One in seven Medicare beneficiaries suffers an adverse event during a hospital stay, and those events, nearly half of them preventable, contributed to at least 15,000 deaths in a single month.
Health Leaders Media, John Commins, Nov 17, 2010
One in seven Medicare beneficiaries suffers an adverse event during a hospital stay, and those events, nearly half of them preventable, contributed to at least 15,000 deaths in a single month, a federal study has found.
The adverse events included the National Quality Forum Serious Reportable Events; Medicare hospital-acquired conditions; and events resulting in prolonged hospital stays, permanent harm, life-sustaining intervention, or death.
The incidence rate projects to about 134,000 Medicare beneficiaries—13.5%—experiencing at least one adverse event in hospitals during a single month, with events contributing to the deaths of about 15,000 beneficiaries, according to the audit by the Department of Health and Human Services' Office of Inspector General.
Physician reviewers for OIG determined that 44% of adverse events were preventable, most commonly because of medical errors, substandard care, and inadequate patient monitoring. Additional hospital care necessitated by these events consumed an estimated 3.5% of Medicare's inpatient expenditures for the sample month—about $4.4 billion in Medicare costs annually. Two-thirds of these costs were the result of additional hospital stays, the study found.
OIG recommended that the Agency for Healthcare Research and Quality and Centers for Medicare & Medicaid Services lead national efforts to reduce events, broaden patient safety efforts to include all types of adverse events, and enhance efforts to identify events.
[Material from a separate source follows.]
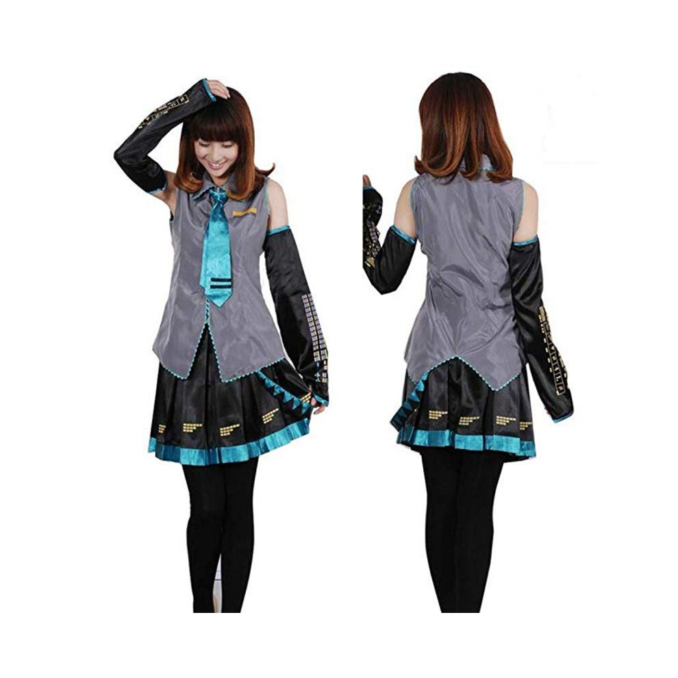 (Full Set(Wihtout Shoes), XL) Hatsune Anime Miku Vocaloid Cosplay Costume Wig Tops Dress Outfit Complete Tie

OIG wants CMS to provide more incentives for hospitals to reduce adverse events through its payment and oversight functions, including strengthening the Medicare hospital-acquired conditions policy, and holding hospitals accountable for adopting evidence-based practices.
In a letter to HHS Inspector General Daniel R. Levinson, CMS Administrator Donald Berwick, MD, said the report demands that "solutions need to be addressed as quickly and as efficiently as possible." Berwick said CMS has taken action on some of the issues but "more work needs to be done," and that CMS would play a more proactive role in providing "a culture of safety across the country in all healthcare settings."
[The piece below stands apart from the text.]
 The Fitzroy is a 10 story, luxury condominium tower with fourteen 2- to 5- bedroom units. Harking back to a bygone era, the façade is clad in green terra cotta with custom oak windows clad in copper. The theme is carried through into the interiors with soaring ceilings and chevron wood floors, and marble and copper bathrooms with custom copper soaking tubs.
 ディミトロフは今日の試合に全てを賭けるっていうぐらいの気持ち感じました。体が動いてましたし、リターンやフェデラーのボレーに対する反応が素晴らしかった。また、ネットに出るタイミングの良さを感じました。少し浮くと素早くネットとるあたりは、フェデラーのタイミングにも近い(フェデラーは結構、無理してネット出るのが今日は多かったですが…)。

"While the report characterizes CMS as an oversight entity and the nation's largest health payer, CMS is also actively transitioning from serving solely as a regulator and passive payer of healthcare services to an agency that fully supports public health goals as an active payer of high quality and efficient care," Berwick said.
AHRQ Director Carolyn M. Clancy, MD, told Levinson she agreed with the findings, which she called "consistent with previous studies, but are nonetheless disturbing. They confirm that adverse events continue to affect hospital patients at an alarming rate and that the types of events that occur vary widely."
Clancy said the report "reaffirms AHRQ's need to continue to work on improving patient safety by broadening investigations to include areas that are not always seen on lists of adverse events that should never occur or should always be reported."
Clancy said AHRQ intends to foster continued improvement in both identifying and reducing adverse events through operational programs, research efforts, and further collaboration with other agencies.
The American Hospital Association issued these remarks Tuesday, "While hospitals have made great strides in improving care, this report highlights that there is more we can do. Hospitals are already engaged in important projects designed to improve patient care in many of the areas mentioned in the report. We are committed to taking additional needed steps to improve patient care. That is why we support the report's recommendations for further research to improve our understanding of what caused the error and how to prevent it from happening again.
The OIG report is based on a national sample of 780 Medicare beneficiaries discharged from acute care hospitals in October 2008. Physician reviewers used medical records to identify adverse events and assess whether each event was preventable. OIG used Medicare claims data to estimate Medicare costs.